====== Dataset content
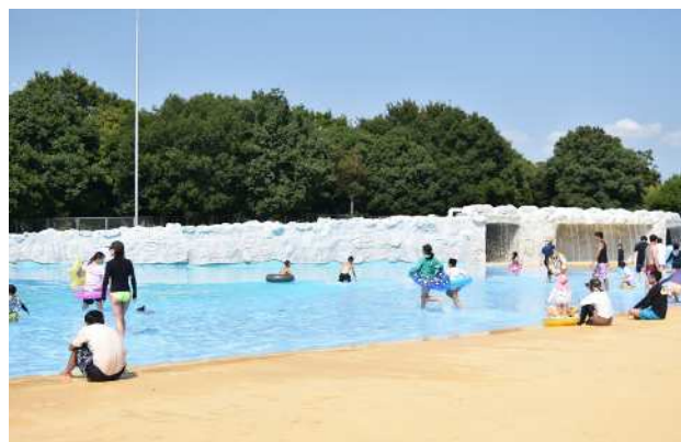
【さざなみプール】全長200mのなぎさは日本最大規模です。
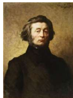
Adam Mickiewicz (1798–1855) – jeden z najwybitniejszych poetów polskich, działacz polityczny, publicysta.

„A co? – krzyknął Asesor, kręcąc strzelby rurą – A co, fuzyjka moja? Górą nasi, górą! A co, fuzyjka moja? Niewielka ptaszyna, A jak się popisała? To jej nie nowina.
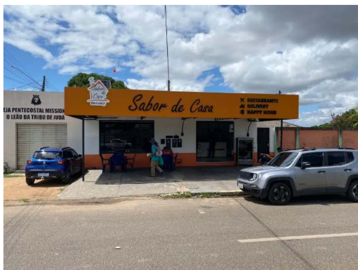
Foto da fachada da empresa.

O link da entrevista concedida ao portal de notícias G1, que pertence ao conglomerado de comunicação Grupo Globo, está disponível abaixo:
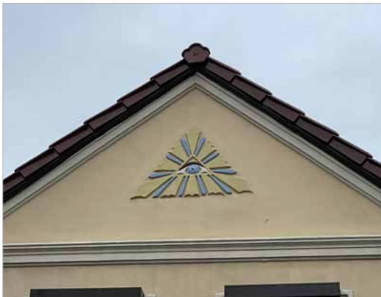
Oko Opatrzności na kamienicy przy ul. Kościuszki w Kostrzynie

Kiedy w 1920 r. osiedliły się w Kostrzynie w ufundowanym przez hrabiostwo Mielżyńskich budynku przy ul. Poznańskiej 19 Siostry Służebniczki NMP, na frontonie domu ustawiono figurę św. Józefa, stojącą tam do dziś. Krzyże widnieją też na budynkach kościoła farnego, probostwa, Domu Katolickiego, a także do niedawna starego domu przy ul. Średzkiej 18. Dawniej zdobiły one również budynek kościoła ewangelickiego i pastorówki przy ul. Kościuszki nr 11. Na kilku kamienicach w centrum Kostrzyna można podziwiać zachowane na frontowych ścianach wpisane w trójkąt Oko Opatrzności z wiązkami promieni, będące znakiem boskiej opieki.
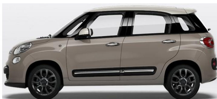
4DL Vopsea bicoloră Capuccino Beige/ Bianco
============
* **Exercise objective**:
Please state the number of lines in the listing that include the word "Opatrzności", with no other words.

* **Reply**:
2